Дальше: Глава 8. «Генрих IV» (Часть первая)

ГЛАВА 7

«Венецианский купец»

У Бассанио крупные проблемы. Этот безрассудный повеса взял денег под венецианский кредит своего лучшего друга Антонио, чтобы отправиться в Бельмонт и завоевать руку дамы, которую он без обиняков называет «богатой наследницей». Его поход за «золо­тым руном» непременно должен увенчаться успехом. Однако по прибытии в Бельмонт обнаруживается небольшая загвоздка. Чтобы жениться на прекрасной Порции, нужно сделать верный выбор. Соискателю руки предъявляются три ларчика — золотой, серебряный и свинцовый. В одном из них лежит приз — портрет Порции, что означает успех. Помимо Бассанио в Бельмонт прибывают еще несколько женихов. Сначала мы наблюдаем за промахом принца Марокканского и заодно узнаем: «Не все то злато, что блестит» (II, 7); затем принц Арагонский выбирает серебряный ларец и тоже ошибается. Бассанио, самый нищий из этих экзотических претендентов, мудро останавливает выбор на невзрачном свинцовом ларце и срывает брачный джекпот. «Лотерейный» сюжет занимает почти четверть пьесы; самые длинные монологи посвящены тяжкому философскому выбору между золотом, сереб­ром и свинцом. Тем не менее читатели и зрители нередко воспринимают эту линию как побочную. По крайней мере, с XIX века главной и наиболее интересной фигурой пьесы — к добру или худу — считается ростовщик Шейлок, единственный еврей среди центральных персонажей Шекспира. Однако титульный лист первого издания пьесы напрямую связывал линию Шейлока с брачной лотереей. Изначально пьеса была опубликована под заголовком: «Превосходнейшая история о венецианском купце, о чрезвычайной жестокости еврея Шейлока по отношению к сказанному купцу, у которого он хотел вырезать ровно фунт мяса, а также о получении руки Порции посредством выбора из трех ларцов». Неожиданный выбор Бассанио — свинцовый ларчик — помогает проследить важнейшие мотивы и образы «Венецианского купца»: взаимосвязь романтики и прагматики, структурные метафоры долга, кредита и расплаты, особую трактовку комедийного жанра.

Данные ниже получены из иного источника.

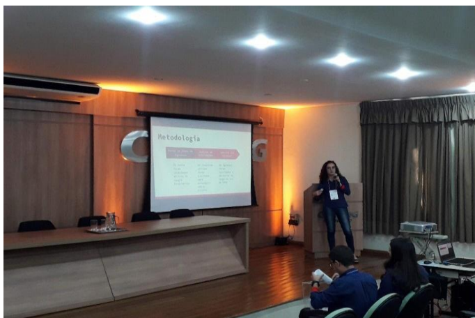
Figura 13: Apresentação de Grupos PETs.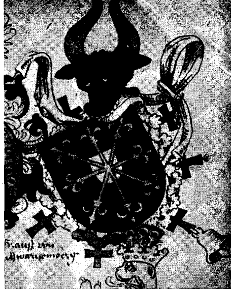
Das Wappen der Herzöge von Kleve (Aus Grünenbergs Wappenbuch)

Der Neubau des Kreishauses in Dinslaken lenkt den Blick wieder einmal auf das alte Kastell und das Geschlecht, das einst dort seinen Sitz gehabt hat. Im Jahre 1948 hat die 675-Jahr-Feier der Stadterhebung daran erinnert, daß Dinslaken im Jahre 1273 von Graf Dietrich VI. von Kleve zur Stadt erhoben worden ist. Wie aber sind Burg und Stadt Dinslaken in den Besitz der Grafen von Kleve gelangt?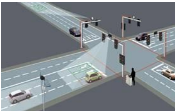
Slika 5: Prikaz detekcije video kamere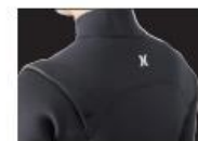
SHOULDER FREE PANEL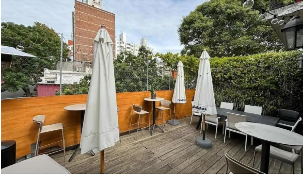
Hugo soca cocina casera todas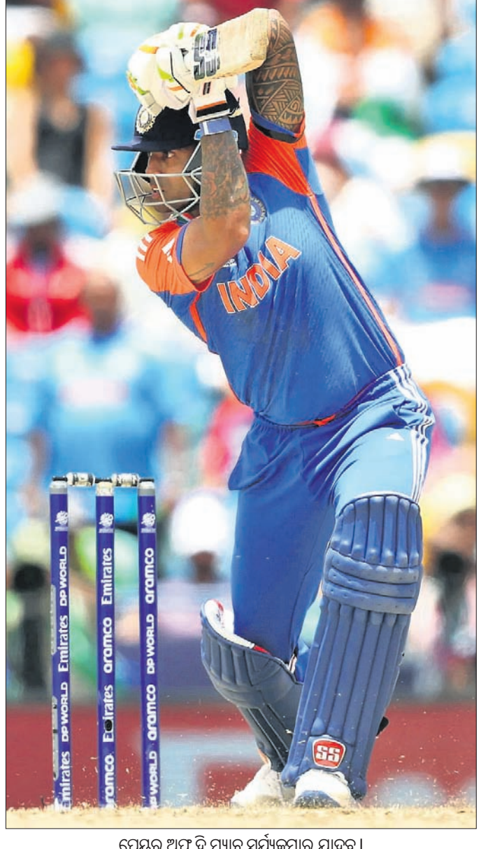
ପ୍ଲେୟର୍ ଅଫ ଦି ମ୍ୟାଚ୍ ସୂର୍ଯ୍ୟକୁମାର ଯାଦବ।

ସୂର୍ଯ୍ୟକୁମାର ଯାଦବଙ୍କ ଅର୍ଦ୍ଧଶତକ ଓ ଯଶପ୍ରୀତ୍ କୁମାରଙ୍କ ଘାଟକ ବୋଲିଂ ବଳରେ ଆଫଗାନିସ୍ତାନ ବିପକ୍ଷ ଡି୨୦ ବିଶ୍ୱକପ ସୁପର-୮ ମ୍ୟାଚକୁ ୪୭ ରନ୍ରେ ଜିତି ନେଇଛି ଭାରତ। ଭାରତ ୨୦ ଓଭରରେ ୮ ରନକେଟ ହରାଇ ୧୮୧ ରନ୍ ସ୍କୋର କରିଥିଲା। ଜବାବରେ ଆଫଗାନିସ୍ତାନ ୨୦ ଓଭରରେ ସମସ୍ତ ରନକେଟ ହରାଇ ୧୩୪ ରନ୍ କରିଥିଲା।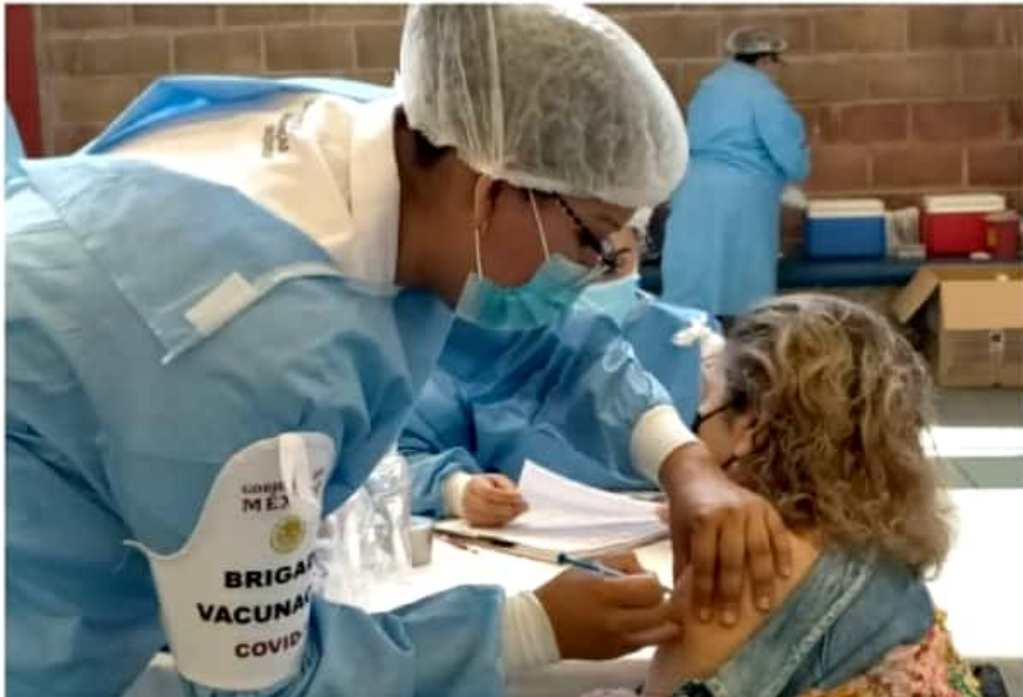
ZIRACUARETIRO, MICH.- Desde muy temprano la población mayor de 60 años de edad acudió a vacunarse contra el Covid-19: el módulo de vacunación estará funcionando durante dos días.

Reconoció que ayer, el primer día, fue complicado, por lo que evalúan la actividad para mejorar la respuesta hacia la ciudadanía, pues muchas personas acudieron sin esperar llamado, sin respetar el día o la hora; por ello, van a trabajar durante toda la campaña de vacunación y el horario que corresponda.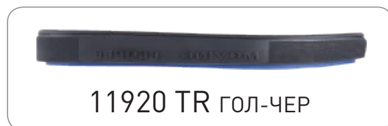
11920 TR ГОЛ-ЧЕР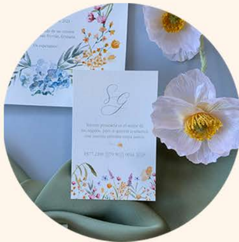
TARJETA N. CUENTA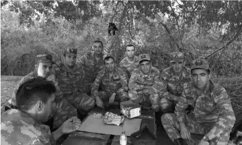
Nurlan döyüş yoldaşları ilə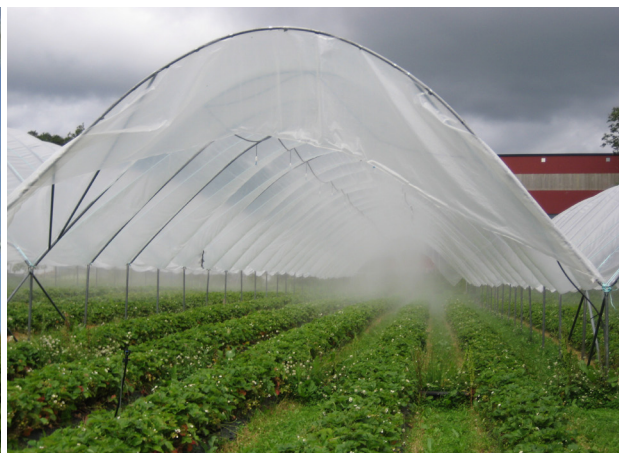
Tåkeanlegg demper temperaturen i tunnelane i periodar og kan ha ein viss effekt mot midd og mjøldogg.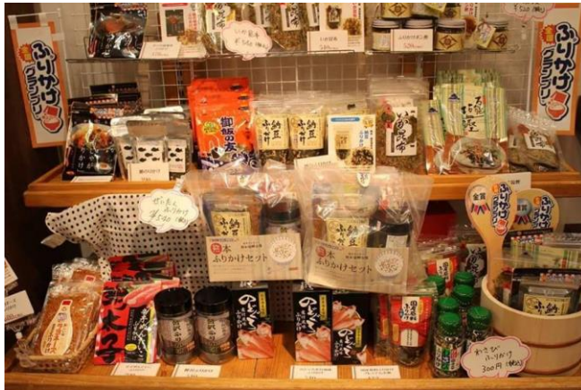
クラッシーノこうし 様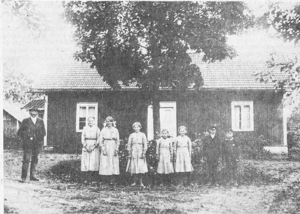
Posering för fotografen vid komministerbostället Vårskäl.

Почему же соискатель, который добивается руки Порции именно ради богатства, указывает на грошовый ларец? Очевидно, он читал волшебные сказки. Любой, кто знаком с этим жанром, понимает, что следует выбирать. Один из самых распространенных сюжетов — в фольклоре и мифологии любых народов — испытание героя, которое часто предполагает выбор из трех вариантов (пойти направо, прямо или налево; вручить яблоко самой красивой из трех богинь; загадать три желания и т. д.). В статье о символике «Венецианского купца» Зигмунд Фрейд отмечал, что Шекспир «перевернул» гендерные роли своего источника — популярного средневекового сборника легенд «Римские деяния» (Gesta Romanorum), где женщина выбирала между ларцами из золота, серебра и свинца, чтобы выйти замуж за сына императора. Фрейд полагал, что три ларчика символизируют три разных женских образа и что подобная троица отсылает нас к античным богиням судьбы — мойрам или паркам. Бассанио выбирает свой удел, буквально заглядывая в глаза смерти. Вид свинцового ларчика навевает венецианскому плейбою мрачные картины бренности и тления:

Так, эти золотые кудри-змейки,

Что шаловливо с ветерком играют

Над мнимою красавицей, нередко

Принадлежат совсем другой головке,

И череп, что их вырастил, — в могиле.

(III, 2)

Таким образом, испытание выбором приобретает легко узна­ваемую форму, и если прежде Бассанио уподоблял себя мифическому Ясону в поисках золотого руна, то теперь он, несомненно, видит себя героем волшебной сказки.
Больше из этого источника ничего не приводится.